Here in Sweden I try to melt into normal life routines, making my stay in Sweden as Swedish as possible, without being always the outsider interested in weird issues. That means that I got a bike to go through the city, I am practicing sport and mixing with people, visiting friends, doing yoga with local groups, connecting with the alternative movement here in Stockholm.
People are friendly and very eager to explain to me what Sweden is and what being Swedish looks like. They come in tune with my interest in politics and feminism, and, out of all these conversations, this post has come up. The amateur sociologist living within me warns me about generalizations, buying into the conventional wisdom or believing, against evidence, that people’s stories can come close to truth.

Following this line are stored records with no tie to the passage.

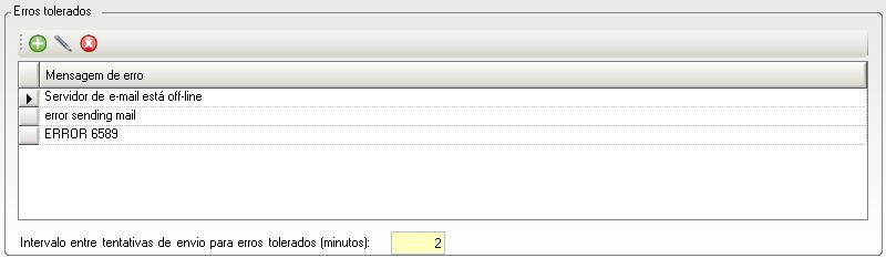 Na aba B2B também é permitido inserir mensagens de erros tolerados, e um valor em minutos para utilizar como intervalo entre as tentativas de envio de e-mail quando ocorrerem erros com as mensagens cadastradas. Para inserir as mensagens de erro, clique em
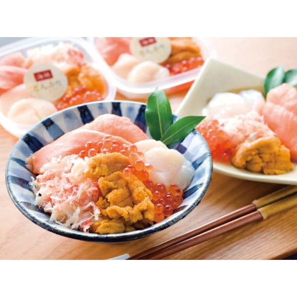 海鮮どんぶりの具(サーモントラウト(チリ産又はノルウェー産他)、帆立(北海道産)、ずわい蟹ほぐし身(ロシア産又はカナダ産他)、いくら醤油(北海道産又はアメリカ産又はカナダ産)、うに(チリ産又はペルー産他))60g4個
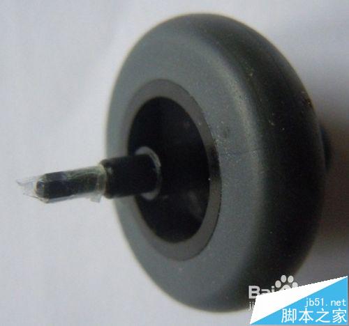 3、將滾輪從電板上取下來。在滾輪的細長軸部位,粘上一點點透明膠帶,多少根據磨損情況自己掌控。
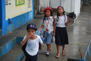 I learned later that each of the plaid uniforms is from a different private school (mostly Catholic schools). The children with the dark pants or skirts and white tops go to the public school. After watching a while, I saw different patterns at different times reflecting the slightly different schedules and the length of their bus rides.

But here we go.
Sweden being the country of equality has different readings for people living in Stockholm. They are mostly proud of the equality levels they gained and grant great value to the informal behaviour they show among ranks, hierarchies or clashing cultural systems. Both men and women think they are living in a very egalitarian environment and they like it. Where they seem to start finding problems is when it comes to their private lives.

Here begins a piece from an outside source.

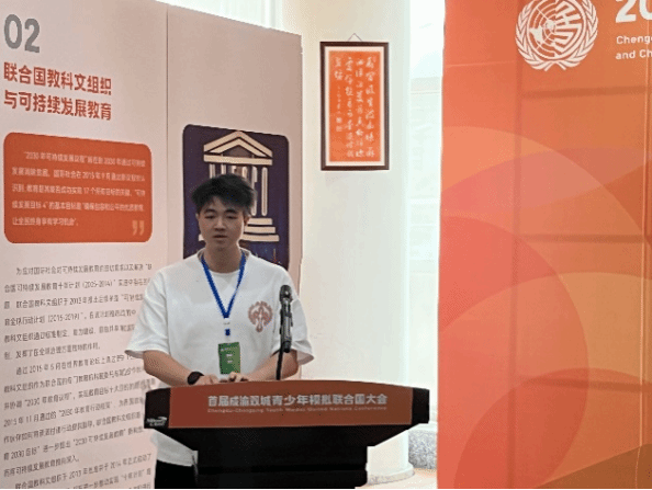 本次大会以 “复苏与希望:重建公平包容的全球社会” 为主题,共设置联合国教育、科学及文化组织(UNESCO)、联合国大会 (UNGA)、世界旅游组织(UNWTO)、主新闻中心(MPC)四个委员会,共计125个学生代表席位,旨在帮助青少年通晓国际规则,拥有参与国际事务与全球治理的经历和体验,培养国际视野,提升全球胜任力。我校aa3044永利集团2021级智能科学与技术三班刘彬在此次的志愿活动过程中担任了教科文组织的塞尔维亚代表以及该活动的志愿者。
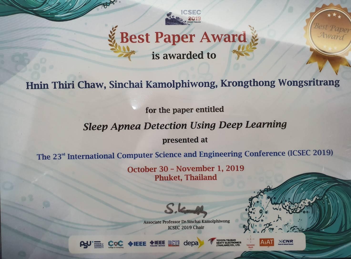 นักศึกษาระดับปริญญาเอก ภาควิชาวิศวกรรมคอมพิวเตอร์ Ms.Hnin Thiri Chaw นักศึกษาชาวต่างประเทศ ซึ่งได้ร่วมประชุมวิชาการ และ เสนอบทความวิชาการ เรื่อง "Sleep Apnea Detection Using Deep Learning" ซึ่งได้รับรางวัล Best Paper Award จากงานประชุมวิชาการ "The International Computer Science and Engineering Conference (ICSEC 2019)" ซึ่งจัดขึ้นระหว่างวันที่ 30 ตุลาคม - 1 พฤศจิกายน 2562 ทีผ่านมา ณ ป่าตอง จ.ภูเก็ต ประเทศไทย

On the one hand, they say Swedish gender equality is a bit of a myth, in that it is not true that real equality has been achieved yet. Women still take care of most of the housework and take responsibility of family issues, children’s needs and old people. There are many less women in positions of responsibility in the public system than in public companies. Actually, Sweden is one of the European countries with few women working as managers. Women’s jobs tend to be part-time to allow women to take care of family issues. Parental leave is mostly for women, with few fathers making something close to an equal use of it. As Margareta Winberg, former Minister for Gender Equality Affairs, put it
"...men need to understand that gender equality in a relationship improves the quality of both partners’ lives. For women, equality means not being burdened with a double workload and being able to develop both as parents and out at work. For men, it involves assuming half the responsibility for the home and the children and thereby paving the way for a good relationship both with the children and with their life partner…understanding this is essential if we are to give women and men the chance to combine a stimulating job with a fulfilling family life."
What happens now is that Swedish women adapt their careers to the needs of their children, and, then, they climb slowly upwards in their career or stand still at a career level. They are less attractive for employers also due to that long parental leave that men hardly share, keeping them away from the working place for eleven months, at least.

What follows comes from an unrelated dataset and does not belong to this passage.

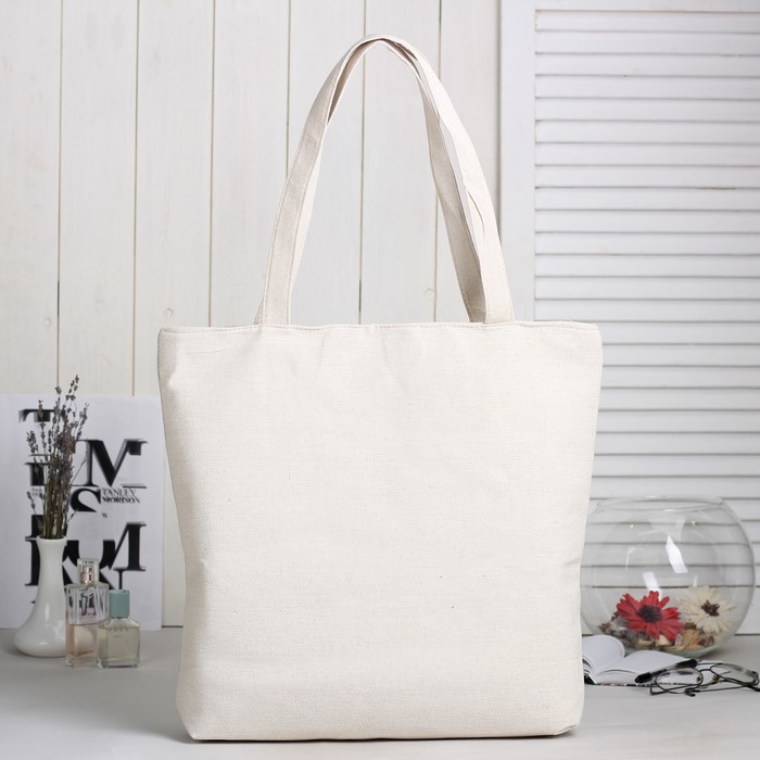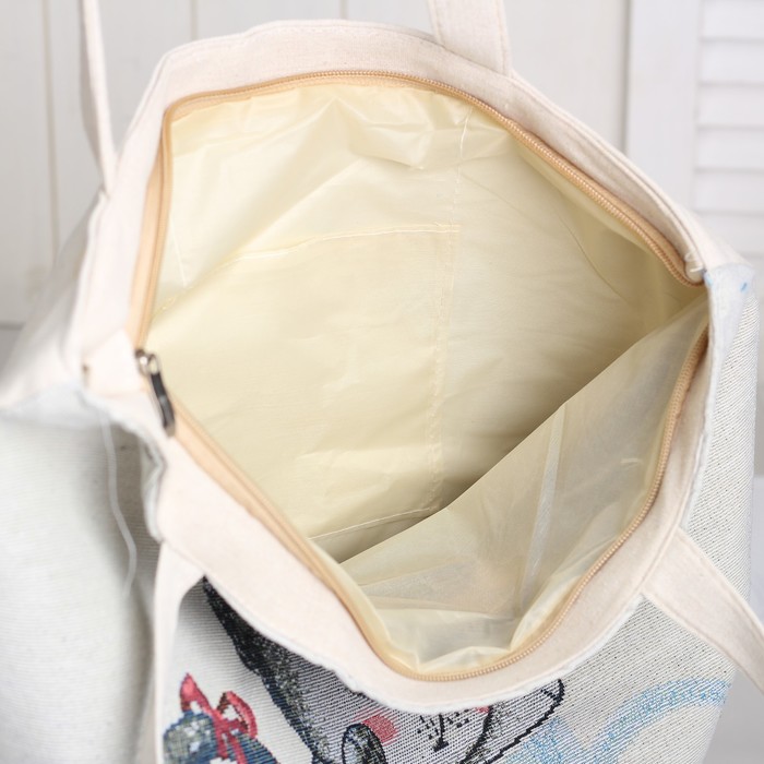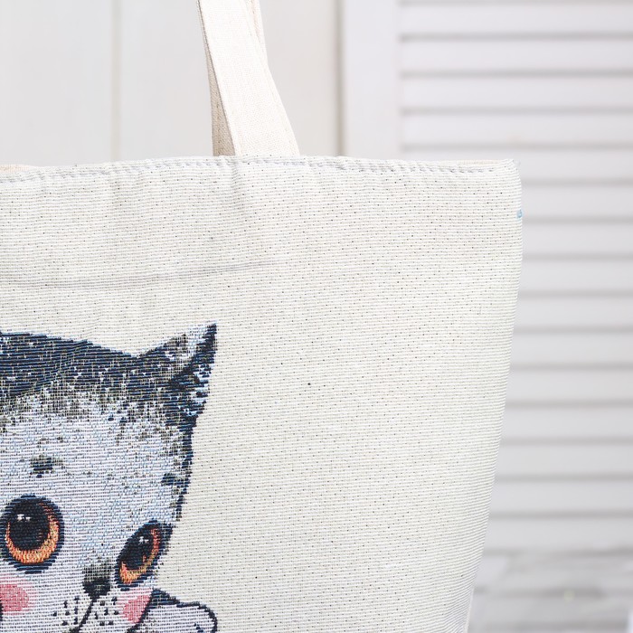Сумка текстильная Кот в чашке, 36*10*40, отд на молнии, подклад, бежевый
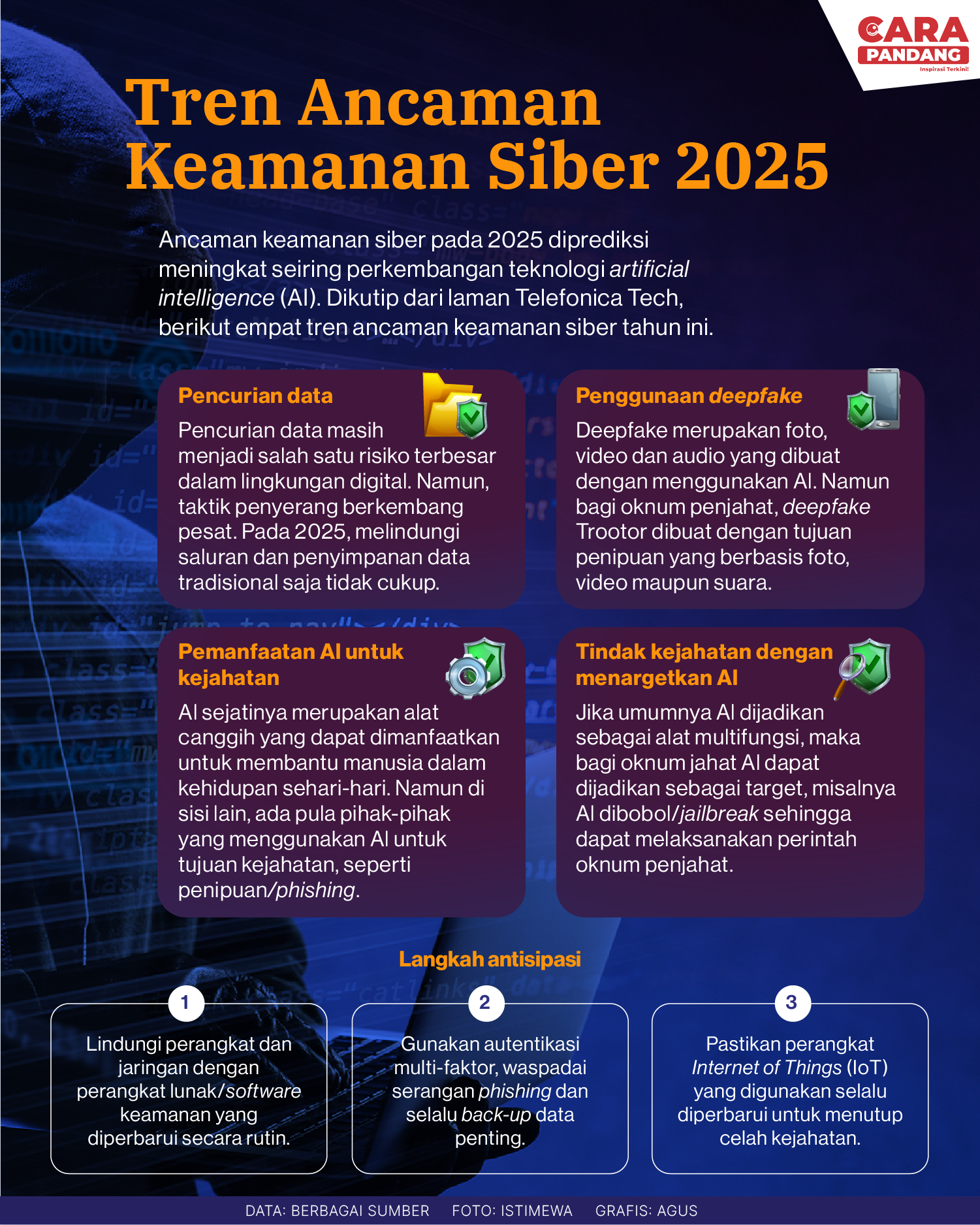 Beranda Infografis Tren Ancaman Keamanan Siber 2025 Infografis Tren Ancaman Keamanan Siber 2025 Penulis Amira Izzati - 20 Januari 2025 06:33 0 CARAPANDANG - Tren Ancaman Keamanan Siber 2025 Tags Berita Sebelumnya Ruben Amorim Timnya Terburuk dalam Sejarah MU Berita Berikutnya Indonesia Dalam Dilema Misi Perdamaian Dunia LEAVE A REPLY Cancel reply Comment: Please enter your comment! Name:* Please enter your name here Email:* You have entered an incorrect email address! Please enter your email address here Website: Save my name, email, and website in this browser for the next time I comment. Berita Teratas Kisah Ajaib Nabi Sulaiman dan Anak yang Berbakti kepada Orang Tua 8 Cara Merawat Kucing Kesayangan Agar Tubuhnya Selalu Sehat Minuman yang Mampu Redakan Batuk yang Menganggu Manfaat Ajaib Bawang Putih Bagi Kesehatan Lima Manfaat Super Makan Pisang Sebelum Tidur yang Jarang Diketahui Berita Terkait Berita Terkait Wajah Baru PP Tunas: Garda Terdepan Perlindungan Anak Indonesia Zoel Rachman - 31 Maret 2026 09:42 MBG 5 Hari Sepekan Masih Wacana Maliq - 30 Maret 2026 11:49 Presiden Ingin Semua Kendaraan Dikonversi ke Listrik Maliq - 30 Maret 2026 11:48 Kewaijiban PSE Terhadap Pengguna Anak Maliq - 30 Maret 2026 11:15

Women and Men in Sweden is an excellent publication from the Swedish Bureau of Statistics where you can find all the data to show you the extent of all these questions.
When it comes to private realms, some Swedish people say that men and women no longer melt together as much as they used to and that coming closer in the context of greater equality seems to be a problem. Is not here a suspicious argument undermining the importance of conquering greater spaces of independence for women? The number of people living alone has been skyrocketing in the last decade, paving the way for many sexist remarks assuring that this is the price women have to pay for so much gender equality. It seems that, as one woman in Gothemburg put it, we cannot meet in equality, we do not know how.
But to me it is easy to experience that while men never had to pay any price for their taken-for-granted independence, women find it constantly threatened by these suggestions warning us about loneliness, difficulties, less comfort, less attractive, more opposition…
Being a feminist sounds always like hard work. But, I think, it is work that pays off.
A non-Swedish woman told me that she found herself at a loss regarding sexual approach to Swedish men. She finds them passive and tame. Another Swedish colleague confirms that the female strategy of waiting for guys to come closer can take you forever or it can never happen at all. So, it seems that new ways to build up inter gender relationships are needed here. Whereas, at the same time, same gender relationship models seem to flourish in this paradise of equality.
What is the conclusion to make here?
What the lesson could be is that a new way of coming together is needed in this age of gender equality. Love has to be dimensioned out of a patriarchal thinking system, as Gudrun Schyman says in her wonderful letter Let_love_become_politics.pdf,
"I myself had chosen to live my own lifestyle and nobody else controls me. I was neither weak nor victimised." But then I started realising that I no longer need to defend that picture…There was this little secure space within me where I no longer felt threatened by the thoughts of change. Perhaps this was the reason why I unexpectedly met another person and discovered that love has neither age nor gender. For the first time in my life I do not love a man because he is a man; I love a human being because he is the person he is.
And she adds, "please, do not come up and say that politics has nothing to do with love! Those who say so then claim that the politics is not about life at all."
If feminism is about constructing a new world where much of the old proceedings cannot operate, we should pay attention to new ways to share lives together, in a human way, irrespective of our sexuality option, ethnicity, gender or social condition. It sounds to me as if now that the public realm is being transformed towards equality, we have to come back to ourselves and start building bridges from these new people we are now that are no longer comfortable with what we used to be.